**Task directions**. Return the following from the records below: each line, word for word, starting with the line that contains "Cycle de formation" and going on through the line that contains "ပိုလီယိုဝေဒနာရှင် ကလေးတစ်ဦး", with nothing outside that range.

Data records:
=== Section Start ===

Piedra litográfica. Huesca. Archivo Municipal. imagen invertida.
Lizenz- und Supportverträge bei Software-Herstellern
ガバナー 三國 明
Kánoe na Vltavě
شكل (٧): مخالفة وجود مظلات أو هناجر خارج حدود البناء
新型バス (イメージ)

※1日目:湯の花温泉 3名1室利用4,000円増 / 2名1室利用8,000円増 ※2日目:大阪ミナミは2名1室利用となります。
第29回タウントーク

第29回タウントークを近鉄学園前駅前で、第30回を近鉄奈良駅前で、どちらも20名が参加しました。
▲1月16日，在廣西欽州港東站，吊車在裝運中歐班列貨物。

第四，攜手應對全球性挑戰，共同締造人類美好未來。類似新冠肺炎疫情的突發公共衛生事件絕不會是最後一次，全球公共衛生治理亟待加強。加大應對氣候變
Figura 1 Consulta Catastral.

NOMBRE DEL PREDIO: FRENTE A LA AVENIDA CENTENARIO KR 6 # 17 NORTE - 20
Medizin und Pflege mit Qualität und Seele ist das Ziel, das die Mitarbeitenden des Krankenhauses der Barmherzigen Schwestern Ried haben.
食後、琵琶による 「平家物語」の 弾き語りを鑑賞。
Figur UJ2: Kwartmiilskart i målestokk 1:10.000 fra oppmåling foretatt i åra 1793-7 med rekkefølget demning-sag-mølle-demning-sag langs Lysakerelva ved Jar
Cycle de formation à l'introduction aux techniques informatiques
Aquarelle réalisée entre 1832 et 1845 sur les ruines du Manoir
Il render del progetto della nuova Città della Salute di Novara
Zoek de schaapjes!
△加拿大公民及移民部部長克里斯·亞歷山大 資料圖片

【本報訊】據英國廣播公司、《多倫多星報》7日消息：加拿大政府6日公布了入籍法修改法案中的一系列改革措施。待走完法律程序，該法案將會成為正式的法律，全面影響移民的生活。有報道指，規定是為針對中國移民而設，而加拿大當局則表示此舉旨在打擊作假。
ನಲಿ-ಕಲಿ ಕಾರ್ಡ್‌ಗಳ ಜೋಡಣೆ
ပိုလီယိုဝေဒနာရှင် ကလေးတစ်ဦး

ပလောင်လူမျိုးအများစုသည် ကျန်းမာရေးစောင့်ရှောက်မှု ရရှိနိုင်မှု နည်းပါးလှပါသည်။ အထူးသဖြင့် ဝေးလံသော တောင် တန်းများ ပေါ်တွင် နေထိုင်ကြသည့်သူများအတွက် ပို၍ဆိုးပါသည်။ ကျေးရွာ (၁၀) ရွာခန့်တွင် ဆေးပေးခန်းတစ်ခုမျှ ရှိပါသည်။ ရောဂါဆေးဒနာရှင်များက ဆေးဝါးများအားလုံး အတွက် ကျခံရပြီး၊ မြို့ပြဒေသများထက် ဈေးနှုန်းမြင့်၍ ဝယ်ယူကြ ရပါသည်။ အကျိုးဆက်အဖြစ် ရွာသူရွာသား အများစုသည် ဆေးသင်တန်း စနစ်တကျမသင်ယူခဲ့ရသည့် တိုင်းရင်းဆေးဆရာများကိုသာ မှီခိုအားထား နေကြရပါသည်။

=== Section End ===

**Answer to the exercise**.
Cycle de formation à l'introduction aux techniques informatiques
Aquarelle réalisée entre 1832 et 1845 sur les ruines du Manoir
Il render del progetto della nuova Città della Salute di Novara
Zoek de schaapjes!
△加拿大公民及移民部部長克里斯·亞歷山大 資料圖片

【本報訊】據英國廣播公司、《多倫多星報》7日消息：加拿大政府6日公布了入籍法修改法案中的一系列改革措施。待走完法律程序，該法案將會成為正式的法律，全面影響移民的生活。有報道指，規定是為針對中國移民而設，而加拿大當局則表示此舉旨在打擊作假。
ನಲಿ-ಕಲಿ ಕಾರ್ಡ್‌ಗಳ ಜೋಡಣೆ
ပိုလီယိုဝေဒနာရှင် ကလေးတစ်ဦး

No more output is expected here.